Part 10

694 57 0
                                    

"Nida fokus! Inget dialog kamu! Improvisasi boleh, kalau emang kamu gak nyaman. Tapi jangan keluar dari batas!

"Dan kamu Awan, serius! Jangan menyepelekan peran kamu kali ini. Fokus!

"Kalian latihan dulu. Lanjut ke adegan berikutnya!"

Aku menghela nafasku kasar. Aku berjalan ke luar untuk menghirup udara segar. Ada sebuah kursi, aku pun langsung duduk.

Aku membaca dan menghafal dialog bagianku lagi. Berharap aku bisa fokus untuk kali ini. Sehingga tidak mengulang adegan yang sama terus-menerus.

"Nih, minum dulu. Lo haus kan?" Awan mengulurkan minuman lalu duduk di sebelahku.

Aku menerima minuman pemberian Awan. "Thanks ya," ucapku sambil mengangkat minuman yang ada di tanganku.

Aku membukanya lalu menghabiskan separuh isi minuman itu. Rasanya lega setelah minum minuman dingin.

"Haus banget kayaknya," komen Awan.

Aku meliriknya sebentar lalu kembali fokus menghafal dialog bagianku. "Lumayan," jawabku singkat.

"Gak usah tegang banget kali. Enjoy aja," ujarnya santai.

"Iya itu lo. Gue sih enggak!" ucapku.

"Pasti lo masukin ke dalam hati, kan, tadi komentar-komentarnya. Jangan terlalu lah. Coba deh bersikap bodo amat," ujarnya.

"Gue sih gak masukin ke hati, hanya saja kalau ada orang yang ngomong pakai nada sedikit tinggi, emosi gue kadang langsung kepancing. Makanya tadi gue nahan emosi banget," jelasku.

Awan mengangguk-nganggukkan kepalanya tanda dia mengerti.

"Nida, Awan di cari tuh. Siap-siap, giliran kalian setelah ini." aku beranjak setelah diberitahu Sasa.

Merasa tidak ada langkah kaki yang mengikutiku, aku menengok ke belakang, Awan sama sekali tidak beranjak. Aku berdecak lalu kembali menghampiri Awan.

"Ayo masuk. Kok diem aja? Udah dipanggil loh," ajakku.

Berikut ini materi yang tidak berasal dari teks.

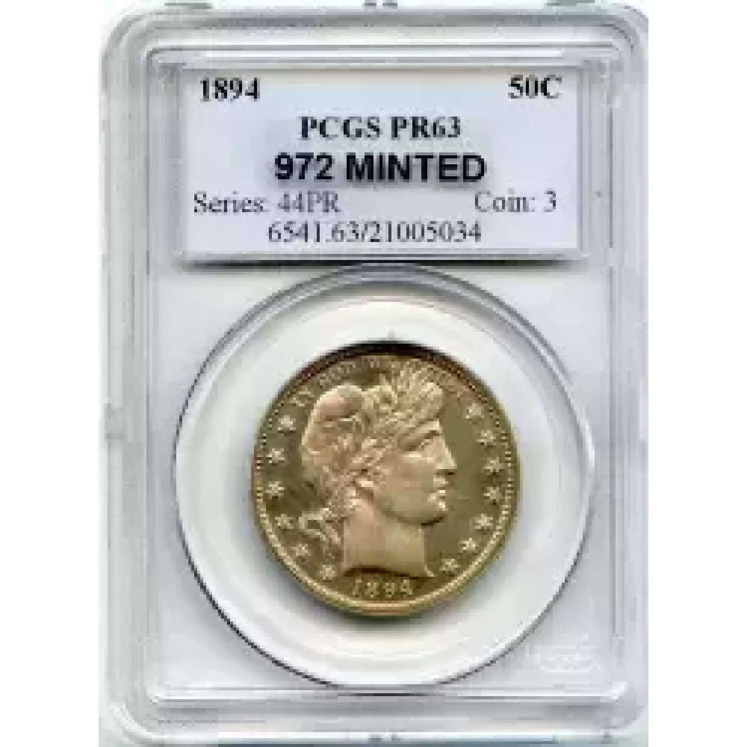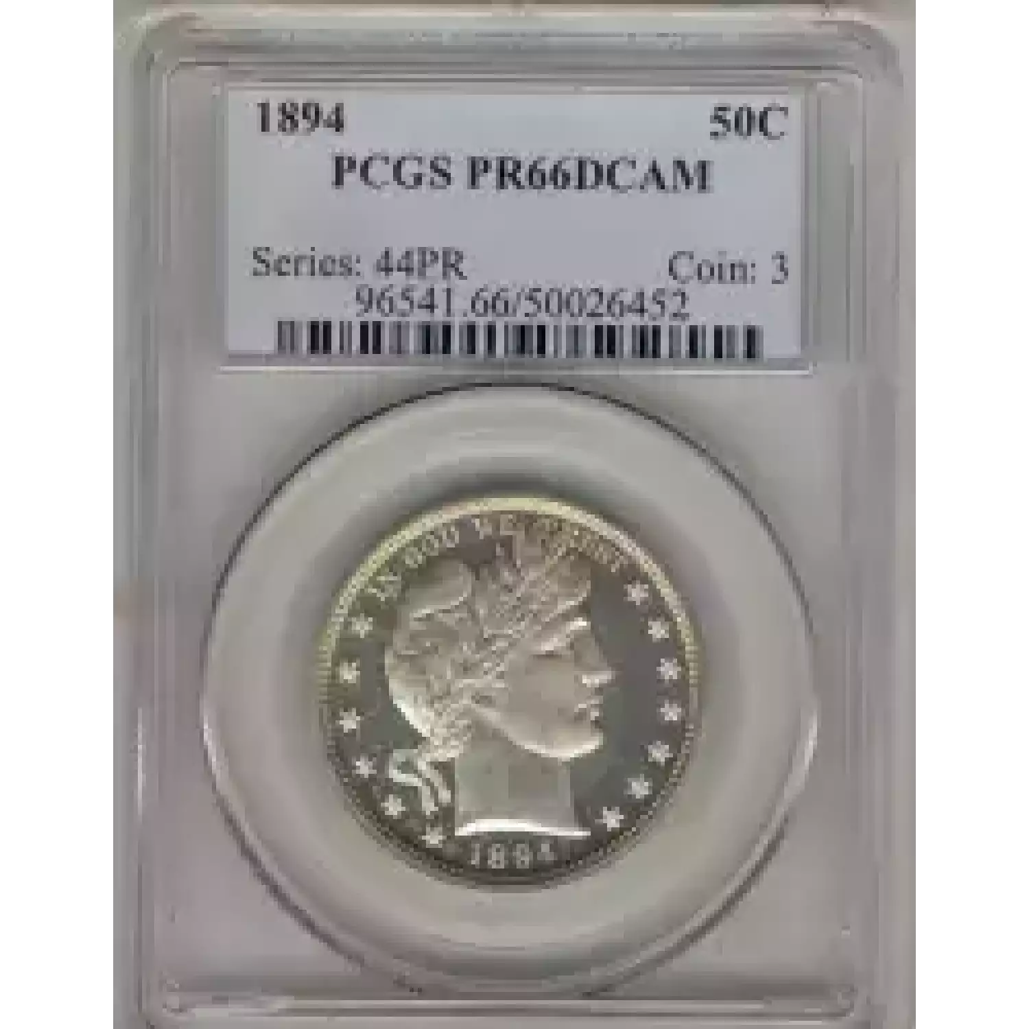 505125 | 1894-PR-66 Barber Half Dollar PCGS PR-66 DCAM | PCGS | PR-66 | Sold: 20/11/2009 | $12,000 |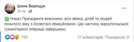 "Приказ Президента выполнен: все женщины, дети и пожилые люди из Азовстали эвакуированы. Эта часть мариупольской гуманитарной операции завершена", — написала Верещук.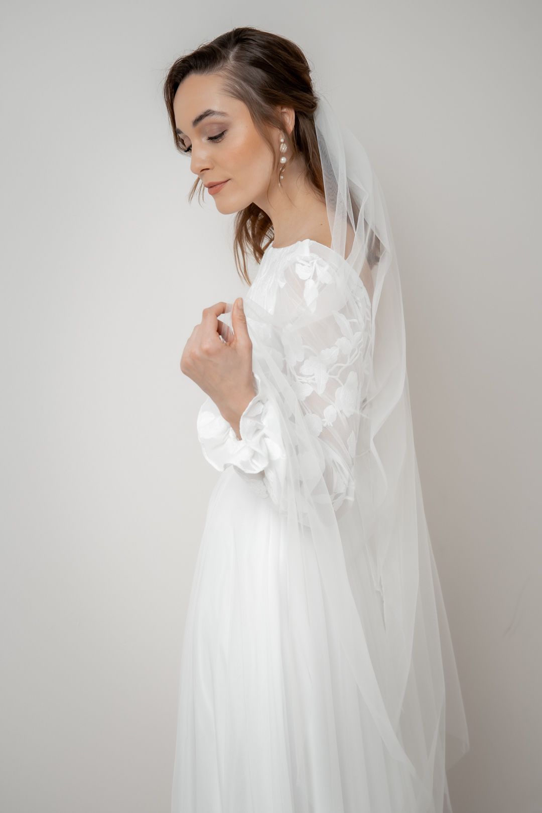 Modern Wedding Dresses: For modern wedding dresses with clean lines and minimalist details, shorter veils such as shoulder length or blusher veils often work well. These veils add a contemporary and simple elegance to the look without distracting from the design of the dress.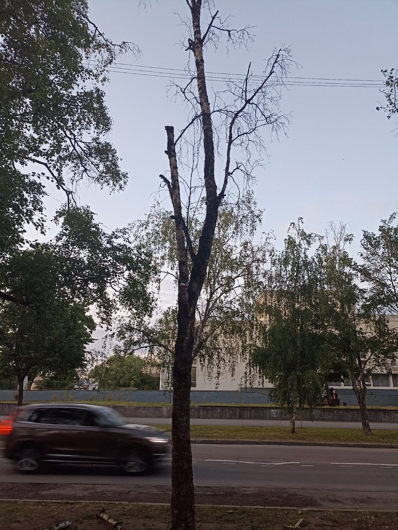 «Советский проспект, по направлению из центра. Напротив Драмтеатра обломилась вершина – чуть ли не на прохожих. И на противоположной стороне сухая берёза», — написал в соцсетях житель областной столицы, заодно опубликовав и фото в качестве доказательства.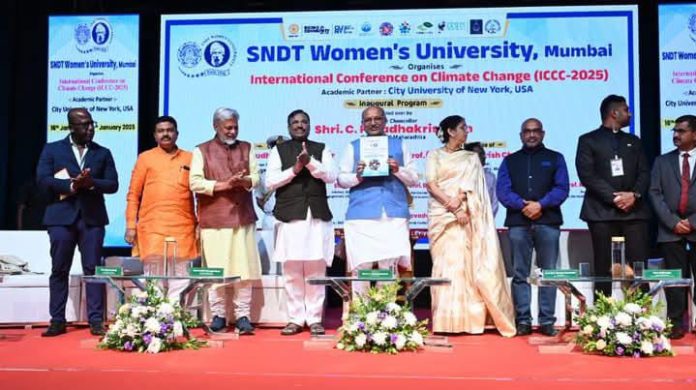 एसएनडीटी महिला विद्यापीठातर्फे आयोजित ‘इंटरनॅशनल कॉन्फरन्स ऑन क्लायमेट चेंज-2025’चे गुरुवारी (दि. १६ जानेवारी २०२५) महामहीम राज्यपाल यांच्या हस्ते उद्घाटन झाले. त्यावेळी ते बोलत होते. या तीन दिवसीय संमेलनाला राज्याचे माजी वने, सांस्कृतिक कार्य व मत्स्यव्यवसाय मंत्री आमदार श्री. सुधीर मुनगंटीवार यांची प्रमुख उपस्थिती होती. तसेच एसएनडीटीच्या कुलगुरू डॉक्टर उज्वला चक्रदेव,आमदार देवराव भोंगळे, जलपुरुष राजेंद्रसिंह, एसएनडीटीचे विलास नानीवाडेकर, युएसचे कॉन्सिलेट जनरल सलील कादेर, कुणी युनिव्हर्सिटी न्यूयॉर्कचे प्राध्यापक नील फिलिप, प्रभारी जिल्हाधिकारी विवेक जॉन्सन, एसएनडीटी बल्लारपूर कॅम्पस संचालक राजेश इंगोले, मनपा आयुक्त विपिन पालीवाल, गोंडवानाचे कुलगुरू डॉ प्रशांत बोकारे आदींची यावेळी उपस्थिती होती.

Awan melirikku sebentar lalu kembali fokus ke ponselnya. Entah apa yang sedang ia lakukan. Sepertinya serius, terlihat beberapa kali dia mengerutkan dahinya.

"Duluan aja! Gue ada urusan." ucap Awan dengan nada yang belum pernah dia tunjukkan kepadaku.

"Yaudah deh, gue duluan. Lo cepet nyusul," pesanku sebelum beranjak meninggalkan Awan sendirian.

Aku mengambil tempat di samping Sasa sambil menunggu giliranku.

Sasa melirikku lalu mengedarkan ke seluruh penjuru ruangan. Kupikir dia sadar jika Awan tidak ikit masuk ke dalam.

"Awan mana? Kok gak ikut masuk? Tadi, kan, gue nyuruh kalian berdua masuk," tanyanya.

Aku mengangkat bahuku. "Gak mau. Gue udah ngajak dia masuk, tapi dia bilang duluan aja. Yaudah gue tinggal,", jelasku.

Sasa menganggukkan kepalanya. "Lama juga ya, latihannya. Oh iya, tadi, kan, lo berangkat sama Via. Terus pulangnya lo gimana?" tanyanya.

Memang pagi tadi, aku berangkat bareng Via karena Via nya sendiri sih yang menawarkan diri mengantarku.

Aku baru sadar tadi, kan, Via bilang gak bisa jemput kalau pulangnya. Terus gue pulang sama siapa ya?

Aku menggeleng. "Gak tau. Nanti deh coba gue hubungin bang Devon kalau gak ya bang Devan." aku menipiskan bibirku.

"Mau bareng gue aja gak? Kebetulan tadi gue bawa mobil," tawar Sasa.

"Nanti coba gue hubungi abang gue dulu. Kalau mereka gak ada yang bisa, boleh deh," ucapku.